Better late than never — but later and later

Do you think it’s a little late – nearly six months after the October 1 start of fiscal year 2024 – for lawmakers to wrap up appropriations bills? Perhaps, but such tardiness is becoming far more common. Over the last 15 years, they’ve worked into December seven times, January once, February once, March four times, April once, and May once. Looking back further in history doesn’t prove any more inspiring. Since Congress implemented the current budget process in the mid-1970s, lawmakers have enacted all appropriations bills by October 1 just four times : 1977, 1989, 1995. and 1997. And since 1997, they’ve never finished more than five of them on time. The later they finish in a fiscal year, the more that year overlaps with the next one, further complicating matters.

Biden-Trump II: an historical perspective?

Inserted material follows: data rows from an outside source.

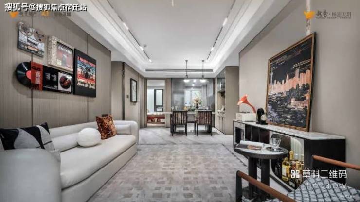 全能玄关·全能收纳玄关选用严选产地巴西的雪山飞狐奢石,对标外滩华尔道夫酒店宽境客厅·敞阔客厅应用健康系统,极致工艺(圆弧形吊顶搭配无主灯设计、定制地砖减少拼缝)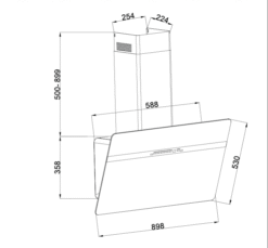 Máy có kích thước 900 x 530 x 358 – 1.257 mm và ống thoát có đường kính 150mm rất dễ dàng lắp đặt trong nhiều không gian bếp khác nhau.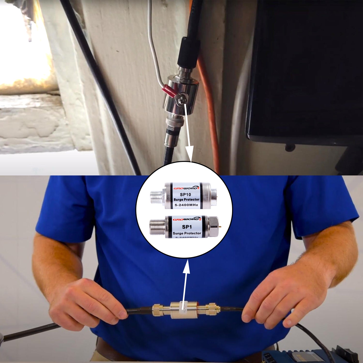 Protetor contra surtos coaxial SP-10, 2 unidades de prendedor de raios, para TV a cabo e antena de satélite, baixa perda (5-2400 MHz)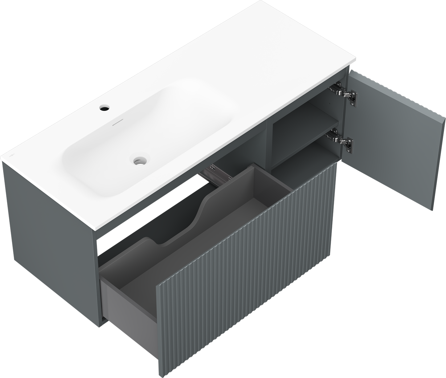 The cutout in the drawer is designed in such a way as to accommodate the siphon, which is essential in sink installations. This allows the furniture to be fully functional without having to give up drawer space for the installation.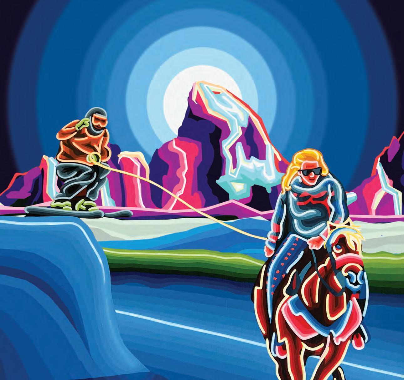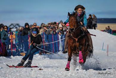 IT’S AN EVENT YOU MUST SEE TO FULLY BELIEVE: A skier holding a rope behind a galloping horse, while flying down a snowy track at full speed and trying to hit jumps and grab rings. “You don’t have to know the rules to get hooked—just show up once, and you’ll get it,” says Bridget Sweeney, Teton Valley Skijoring executive director.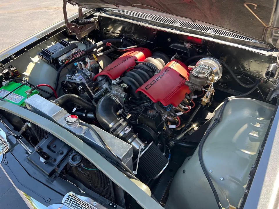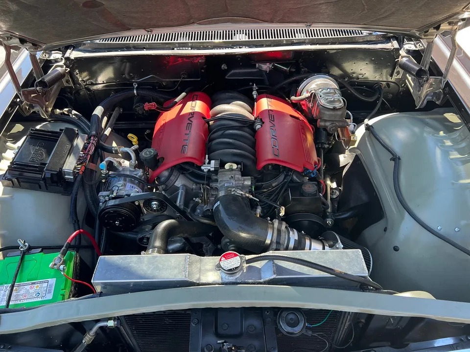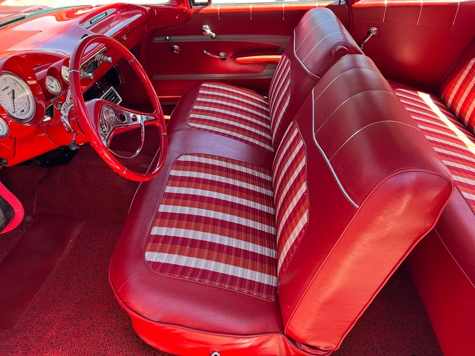 330 miles on Complete Frame Off Restoration, clean Kentucky car, beautiful Charcoal metallic paint, custom tri-tone Impala interior, LS1 EFI engine, 4L60 automatic overdrive transmission, Corvette engine covers, Delco controller, headers, tubular control arms, power steering, 4 wheel power disc brakes with slotted & drilled rotors, air conditioning, serpentine pulley system, aluminum radiator with electric fan, bench seat, custom steering wheel, Classic Instruments gauge cluster, Retrosounds radio, dual exhaust, factory rear with 3.73 limited slip rear end, 275/35ZR20 rear tires, 225/40ZR18 fronts, 18 & 20” Billet Specialties wheels, power antenna, One Bad Bowtie!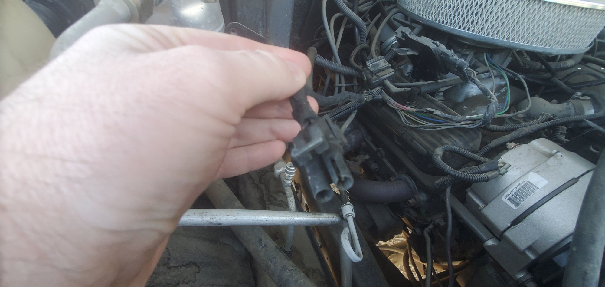 Picture 1 and 2 appear to be the connection for an intake air temp switch. But I haven’t been able to find whether or not the 87 350TBI had one or not. The engine bay wiring diagram doesn’t mention it, and I can’t seem to find one that says it’s for my truck. But the ECM wiring diagrams I’ve found show a line for it. Any advice you all have would be great.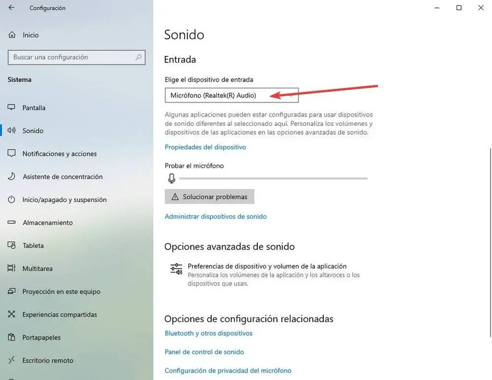 Tout d’abord, la première chose à faire est d’activer et de configurer le micro sous Windows 10. Pour ce faire, nous allons ouvrir le menu Configuration du système d’exploitation, et aller dans la section Système> Son. Ici, nous devrons localiser une section appelée «Entrée», à partir de laquelle nous pourrons contrôler les périphériques d’entrée audio (c’est-à-dire les microphones) que nous avons connectés au PC.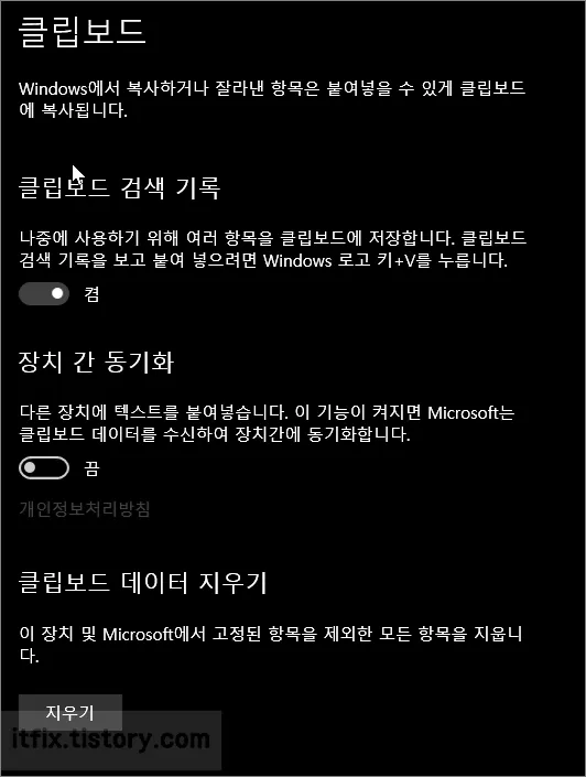 클립보드가 제대로 작동하지 않는 경우에는 윈도우 설정에서 해당 기능이 켜져 있는지 살펴보아야 합니다.

Would a Biden-Trump rematch be a highly unusual U.S. historical event? Not really, says Tevi Troy , a BPC senior fellow and head of BPC’s Presidential Leadership Initiative. This week on “The Briefing,” BPC’s co-branded show on SiriusXM (Channel 124), Troy said we’ve had six rematches of presidential candidates – starting with John Adams and Thomas Jefferson in 1800 and ending (so far) with Dwight Eisenhower and Adlai Stevenson in 1956. Grover Cleveland is the only president to win back his office (in 1892) and, Troy tells us , his return came as no surprise to his wife, Frances. Take care of the furniture, she told the White House staff upon departing after Cleveland’s first term. “We are coming back just four years from today.”